=== Section Start ===

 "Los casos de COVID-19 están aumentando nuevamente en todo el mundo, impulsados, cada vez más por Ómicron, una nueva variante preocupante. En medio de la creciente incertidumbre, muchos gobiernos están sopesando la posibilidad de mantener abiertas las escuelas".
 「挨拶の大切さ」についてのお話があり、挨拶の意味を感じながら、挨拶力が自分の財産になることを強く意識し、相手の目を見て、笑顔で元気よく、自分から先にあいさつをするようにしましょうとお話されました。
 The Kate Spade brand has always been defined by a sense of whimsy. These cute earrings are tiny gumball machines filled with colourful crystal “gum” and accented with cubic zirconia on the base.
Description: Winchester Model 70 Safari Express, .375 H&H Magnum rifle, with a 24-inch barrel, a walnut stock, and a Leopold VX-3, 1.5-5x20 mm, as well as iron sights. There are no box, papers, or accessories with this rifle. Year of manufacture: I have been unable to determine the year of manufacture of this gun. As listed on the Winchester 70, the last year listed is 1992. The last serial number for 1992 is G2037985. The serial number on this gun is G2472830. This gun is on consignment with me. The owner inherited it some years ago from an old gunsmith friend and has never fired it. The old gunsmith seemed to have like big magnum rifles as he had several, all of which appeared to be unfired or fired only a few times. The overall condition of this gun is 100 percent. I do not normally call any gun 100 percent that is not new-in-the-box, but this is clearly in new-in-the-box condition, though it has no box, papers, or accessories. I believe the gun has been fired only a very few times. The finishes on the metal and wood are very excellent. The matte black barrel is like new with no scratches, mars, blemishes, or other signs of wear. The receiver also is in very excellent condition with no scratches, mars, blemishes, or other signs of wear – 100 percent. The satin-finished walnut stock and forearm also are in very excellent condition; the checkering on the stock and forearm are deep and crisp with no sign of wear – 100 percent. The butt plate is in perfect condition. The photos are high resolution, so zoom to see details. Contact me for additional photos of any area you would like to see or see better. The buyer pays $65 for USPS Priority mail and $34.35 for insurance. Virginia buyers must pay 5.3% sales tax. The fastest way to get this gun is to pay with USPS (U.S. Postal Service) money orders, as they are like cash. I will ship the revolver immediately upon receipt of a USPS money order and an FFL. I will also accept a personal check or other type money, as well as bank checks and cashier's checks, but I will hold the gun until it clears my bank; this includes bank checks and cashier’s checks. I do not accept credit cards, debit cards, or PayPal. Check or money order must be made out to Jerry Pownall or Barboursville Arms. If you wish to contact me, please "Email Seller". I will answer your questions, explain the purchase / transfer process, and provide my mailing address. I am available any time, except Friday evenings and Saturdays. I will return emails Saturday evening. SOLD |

=== Section End ===

> [Requirement]: Copy out the whole listing, exactly as written.

> [Output for this task]:
 "Los casos de COVID-19 están aumentando nuevamente en todo el mundo, impulsados, cada vez más por Ómicron, una nueva variante preocupante. En medio de la creciente incertidumbre, muchos gobiernos están sopesando la posibilidad de mantener abiertas las escuelas".
 「挨拶の大切さ」についてのお話があり、挨拶の意味を感じながら、挨拶力が自分の財産になることを強く意識し、相手の目を見て、笑顔で元気よく、自分から先にあいさつをするようにしましょうとお話されました。
 The Kate Spade brand has always been defined by a sense of whimsy. These cute earrings are tiny gumball machines filled with colourful crystal “gum” and accented with cubic zirconia on the base.
Description: Winchester Model 70 Safari Express, .375 H&H Magnum rifle, with a 24-inch barrel, a walnut stock, and a Leopold VX-3, 1.5-5x20 mm, as well as iron sights. There are no box, papers, or accessories with this rifle. Year of manufacture: I have been unable to determine the year of manufacture of this gun. As listed on the Winchester 70, the last year listed is 1992. The last serial number for 1992 is G2037985. The serial number on this gun is G2472830. This gun is on consignment with me. The owner inherited it some years ago from an old gunsmith friend and has never fired it. The old gunsmith seemed to have like big magnum rifles as he had several, all of which appeared to be unfired or fired only a few times. The overall condition of this gun is 100 percent. I do not normally call any gun 100 percent that is not new-in-the-box, but this is clearly in new-in-the-box condition, though it has no box, papers, or accessories. I believe the gun has been fired only a very few times. The finishes on the metal and wood are very excellent. The matte black barrel is like new with no scratches, mars, blemishes, or other signs of wear. The receiver also is in very excellent condition with no scratches, mars, blemishes, or other signs of wear – 100 percent. The satin-finished walnut stock and forearm also are in very excellent condition; the checkering on the stock and forearm are deep and crisp with no sign of wear – 100 percent. The butt plate is in perfect condition. The photos are high resolution, so zoom to see details. Contact me for additional photos of any area you would like to see or see better. The buyer pays $65 for USPS Priority mail and $34.35 for insurance. Virginia buyers must pay 5.3% sales tax. The fastest way to get this gun is to pay with USPS (U.S. Postal Service) money orders, as they are like cash. I will ship the revolver immediately upon receipt of a USPS money order and an FFL. I will also accept a personal check or other type money, as well as bank checks and cashier's checks, but I will hold the gun until it clears my bank; this includes bank checks and cashier’s checks. I do not accept credit cards, debit cards, or PayPal. Check or money order must be made out to Jerry Pownall or Barboursville Arms. If you wish to contact me, please "Email Seller". I will answer your questions, explain the purchase / transfer process, and provide my mailing address. I am available any time, except Friday evenings and Saturdays. I will return emails Saturday evening. SOLD |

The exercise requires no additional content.